TASK STATEMENT: All of the data, word for word and free of pictures, is the expected result.

DATA BLOCK:

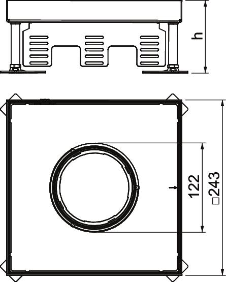 Cassette carrée pour charges lourdes réglable en hauteur pour tube de taille nominale 9 pour le montage d'appareillages dans des systèmes de goulottes, des faux-planchers et des planchers creux, dans des planchers nettoyés à l'eau ou à sec en intérieur. Classe de charge 1 jusqu'à 10 kN.
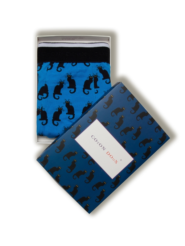 These trunks, adorned with a playful cat print, are made from a soft cotton-elastane blend. With flat lock seams and a black elasticated waistband, they deliver unmatched comfort and a touch of feline flair.
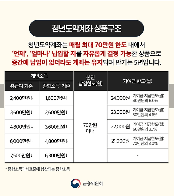 - 안내 및 문의 : 청년도약계좌 홈페이지와 서민금융진흥원 서민금융콜센터 (1397)를 이용 바랍니다.
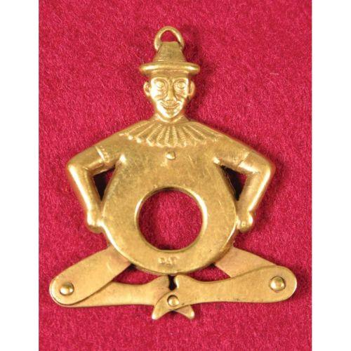 Brass Cigar Tip Cutter of Clown. Squeeze knees together to cut tip of cigar. Excellent condition. 1 1/2 inches tall.

RESPONSE TO THIS EXERCISE:
 Cassette carrée pour charges lourdes réglable en hauteur pour tube de taille nominale 9 pour le montage d'appareillages dans des systèmes de goulottes, des faux-planchers et des planchers creux, dans des planchers nettoyés à l'eau ou à sec en intérieur. Classe de charge 1 jusqu'à 10 kN.
 These trunks, adorned with a playful cat print, are made from a soft cotton-elastane blend. With flat lock seams and a black elasticated waistband, they deliver unmatched comfort and a touch of feline flair.
 - 안내 및 문의 : 청년도약계좌 홈페이지와 서민금융진흥원 서민금융콜센터 (1397)를 이용 바랍니다.
 Brass Cigar Tip Cutter of Clown. Squeeze knees together to cut tip of cigar. Excellent condition. 1 1/2 inches tall.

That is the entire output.